Boeing domine le marché mondial des avions-citernes, le KC-135 représentant 49 % des avions actuellement en exploitation. Ce chiffre dépasse les 65 % lorsque l’on ajoute les autres types de l’entreprise, notamment le KC-46 et le KC-10.
Embraer veut une part de ces marchés et pense que le KC-390 est l’avion idéal pour y parvenir.
«Nous voyons beaucoup de potentiel dans la valeur apportée par la plateforme», déclare Lemos.
Le choix du C-390 par l’Autriche le confirme.
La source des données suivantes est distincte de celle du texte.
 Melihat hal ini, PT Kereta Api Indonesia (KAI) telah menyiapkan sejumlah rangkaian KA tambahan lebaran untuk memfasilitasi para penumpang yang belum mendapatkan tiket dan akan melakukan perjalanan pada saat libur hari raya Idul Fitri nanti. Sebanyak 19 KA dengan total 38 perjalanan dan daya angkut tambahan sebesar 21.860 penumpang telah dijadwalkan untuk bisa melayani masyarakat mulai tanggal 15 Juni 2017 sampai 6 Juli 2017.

En annonçant le choix de Vienne, Tanner a déclaré : « L’avion d’Embraer est le seul de la classe des 20 tonnes (charge utile) qui répond à toutes nos exigences. »
Aux États-Unis, Embraer commercialise le KC-390 pour des missions d’opérations spéciales, de ravitaillement en vol et de transport de marchandises dans tous les services de l’armée américaine.
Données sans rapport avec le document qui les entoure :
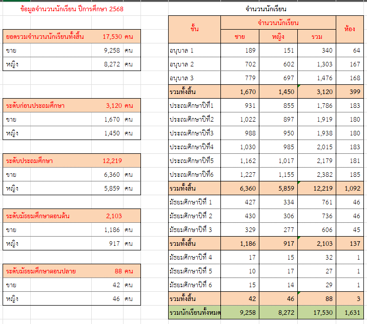 ข้อมูลจำนวนนักเรียนและห้องเรียน ปีการศึกษา 2568

« Il n’y a rien dans ce segment qui soit comparable au C-390 », affirme Lemos.
Dans le cadre du partenariat avec L3Harris, Embraer a développé à la fois une capacité de sonde et de drogue et une flèche pour le ravitaillement en vol du KC-390 – un clin d’œil aux différentes exigences de l’USAF et de l’US Navy.
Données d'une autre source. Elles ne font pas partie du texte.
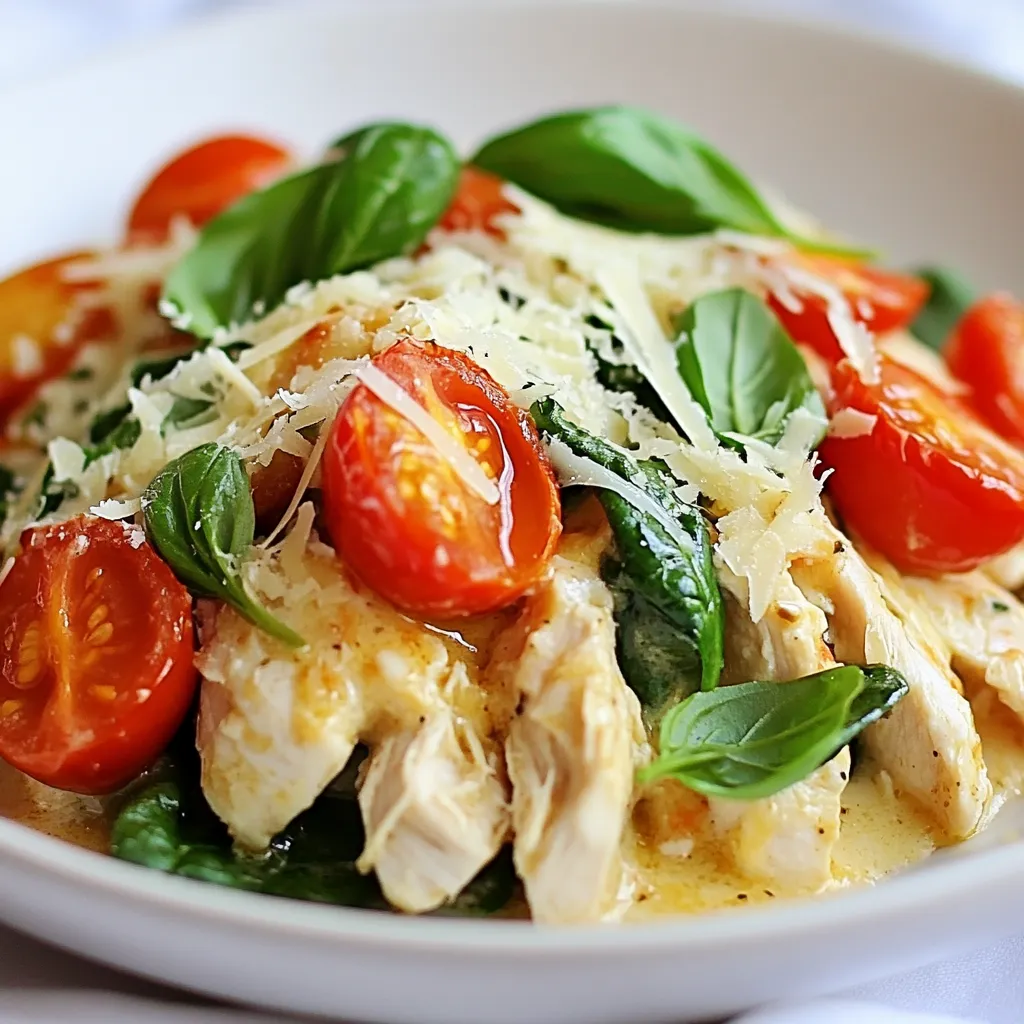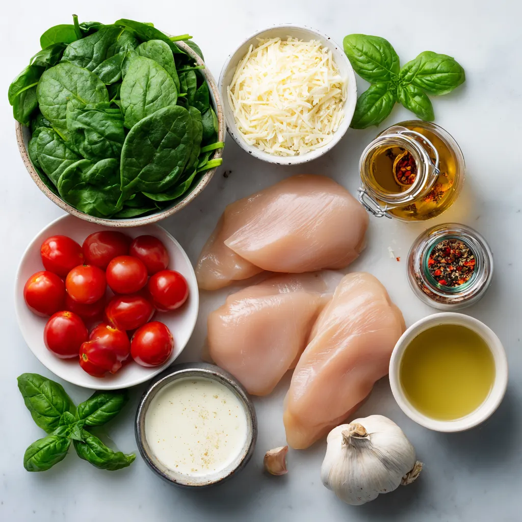 Die Hauptzutaten sind einfach zu finden. Die Hähnchenbrust bringt viel Protein. Kirschtomaten und Spinat fügen frische Aromen hinzu. Zwiebel und Knoblauch geben Geschmack und Tiefe. Schlagsahne und Hühnerbrühe machen die Sauce cremig.

Lemos vante également la capacité du bimoteur Millennium à décoller et à atterrir sur des pistes courtes et non améliorées – un attribut qui, selon Embraer, fera appel à la stratégie ACE de l’armée de l’air.
« Il s’agit d’une plate-forme plus polyvalente que les avions de transport stratégiques actuels », affirme-t-il.
Jusqu’à présent, il n’y a eu aucune discussion ouverte sur l’acquisition du KC-390 par le Pentagone, mais Lemos affirme qu’Embraer fournit des informations à tous les clients américains potentiels.
Le responsable des acquisitions du Commandement des opérations spéciales des États-Unis a indiqué en mai que les troupes d’élite américaines se concentraient actuellement sur le développement d’un nouveau avion à portance verticale à grande vitesse et modifier un C-130 pour les opérations maritimesplutôt que d’acquérir un nouveau pétrolier tactique.
L’USAF est au milieu d’une pivot important dans sa stratégie de ravitaillement en vol, accélérant le développement d’un avion de nouvelle génération pétrolier furtif tout en envisageant un achat supplémentaire de KC-46 auprès de Boeing contre un nouvelle offre de Lockheed et Airbus ; le LMXT basé sur l’A330.
Embraer ne voit rien d’autre qu’une opportunité, selon Lemos.
« Nous consacrons réellement des ressources et des efforts à la réflexion sur la manière dont nous allons aborder le marché américain », dit-il.
La fiabilité du KC-390 est l’un des principaux arguments d’Embraer lors de la présentation des dirigeants du Pentagone. Lemos note que la disponibilité des avions a été le « principal facteur de décision » pour les clients européens d’Embraer.
L’opérateur actuel du C-390, le Brésil, a enregistré un taux de préparation de l’avion de 80 % et un taux d’achèvement de mission de 99,7 % au cours de la période suivant la capacité opérationnelle initiale, selon Embraer.
Lemos qualifie ces chiffres d’« invisibles » dans une autre plate-forme militaire.